I frammenti di DNA denaturati vengono sottoposti all’analisi eseguita dal sequenziatore automatico ABI PRISM 310 DNA Sequencer. Tale strumento è composto da due unità: una camera elettroforetica dotata di un raggio laser fisso e un computer esterno collegato alla camera, corredato di un software in grado di analizzare l’emissione della fluorescenza. La camera elettroforetica è costituita da una zona contenete un carrello removibile sul quale vengono posizionati i tubi

con la miscela da sottoporre al sequenziamento, i contenitori del tampone e dell’acqua deionizzata, il catodo ed un’estremità del capillare in cui avviene l’elettroforesi. Un’altra zona presenta un contenitore per il tampone di corsa in cui è posto l’anodo ed un sistema costituito da una siringa che inietta il polimero nel capillare. Infine vi è una zona di rilevazione, dove il capillare giunge in prossimità del raggio laser, per cui i fluorocromi dei campioni che migrano verso l’anodo si eccitano ed emettono fluorescenza. Per generare la differenza di potenziale necessaria per la corsa elettroforetica, il tampone di corsa (Genetic Analyzer buffer) deve essere a contatto con il capillare e con gli elettrodi. Il polimero utilizzato è il Performancer Optimizer Polymer 6% (POP-6). Quest’ultimo riempie completamente il capillare costituito da un sottilissimo tubo in vetro di 50µm di diametro ed una lunghezza variabile in base alla corsa da effettuare. Tale tubo riempito di polimero rappresenta il luogo in cui avviene la separazione dei frammenti di DNA in base alle loro dimensioni. Il capillare presenta un rivestimento opaco per tutta la sua lunghezza, tranne che nella “regione finestra”, cioè nella zona di rilevazione dello strumento, a contatto con il raggio laser. Inizialmente il capillare e l’elettrodo sono immersi nel tampone di corsa in modo da generare la differenza di potenziale, poi vengono a contatto con il primo campione. L’iniezione di quest’ultimo all’interno del capillare si verifica per via

elettrocinetica, ovvero in seguito al flusso di corrente che si genera dal catodo verso l’anodo. Successivamente il catodo e il capillare vengono di nuovo immersi nel tampone per generare una nuova differenza di potenziale che consenta la migrazione dei frammenti di DNA attraverso il polimero. Il sequenziatore è dotato anche di un contenitore con acqua deionizzata che serve per lavare il capillare quando si trasferisce da un campione all’altro.
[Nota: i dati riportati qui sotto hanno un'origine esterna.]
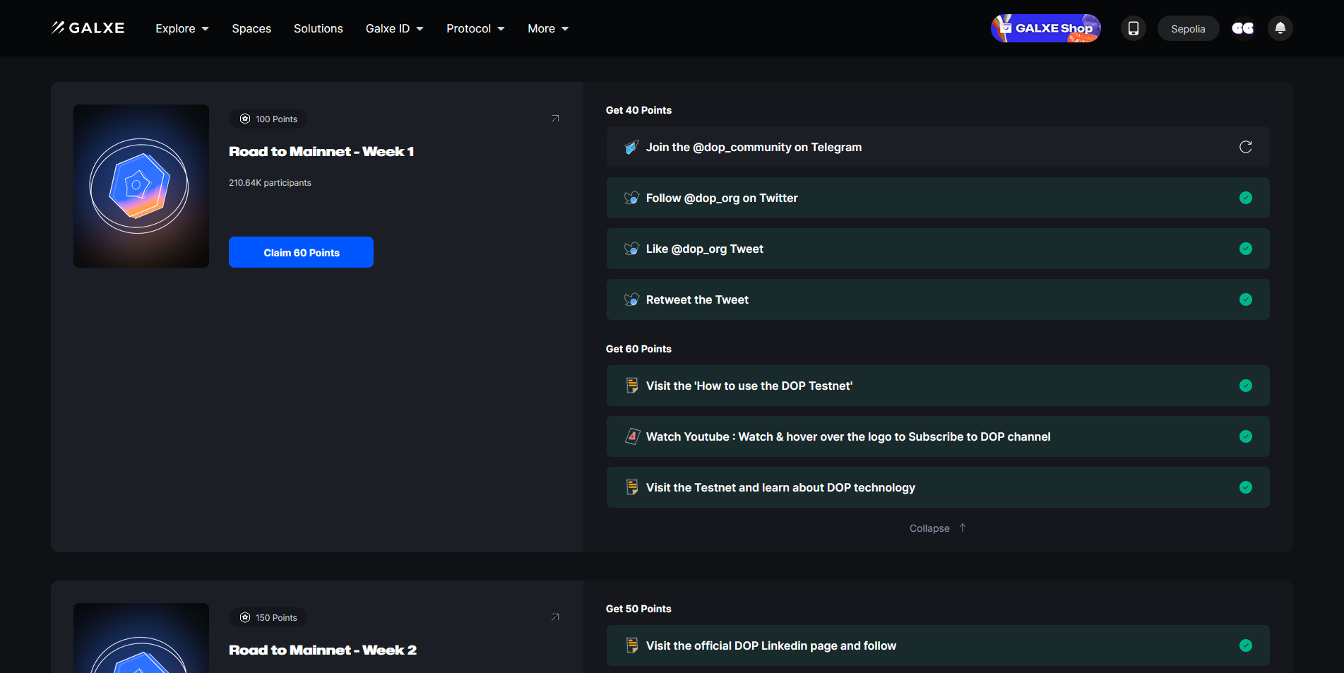 Now let's head over to the Galxe Campaign, verify completion for the tasks and claim your points!

I frammenti di DNA separati giungono quindi, in tempi diversi, nella “zona finestra” del capillare dove vengono a contatto con il laser, con il conseguente eccitamento del fluorocromo del frammento che emette una tipica fluorescenza. Questo raggio viene diretto attraverso una serie di lenti ad uno spettrografo che separa le lunghezze d’onda e le indirizza ad una camera CCD (Charge- Coupled-Device) dotata di filtri virtuali diversi a seconda dei fluorocromi che devono essere analizzati. Tale camera analizza lo spettro di emissione e converte il segnale luminoso in segnale digitale che viene memorizzato su un computer (Power Macintosh) per il successivo processamento. Il programma usato è ABI PRISM DNA Sequencing Analysis Software. In questo modo il nucleotide finale di ogni frammento è identificato dal fluorocromo all’estremità 3’ ed i frammenti di lunghezza diversa permettono di discriminare gradatamente tutti i nucleotidi. Alla fine della corsa la sequenza di bande di DNA marcato viene visualizzata in un unico grafico detto

elettroferogramma, caratterizzato da una successione di picchi di 4 colori diversi, che corrispondono alle emissioni fluorescenti dei diversi fluorocromi.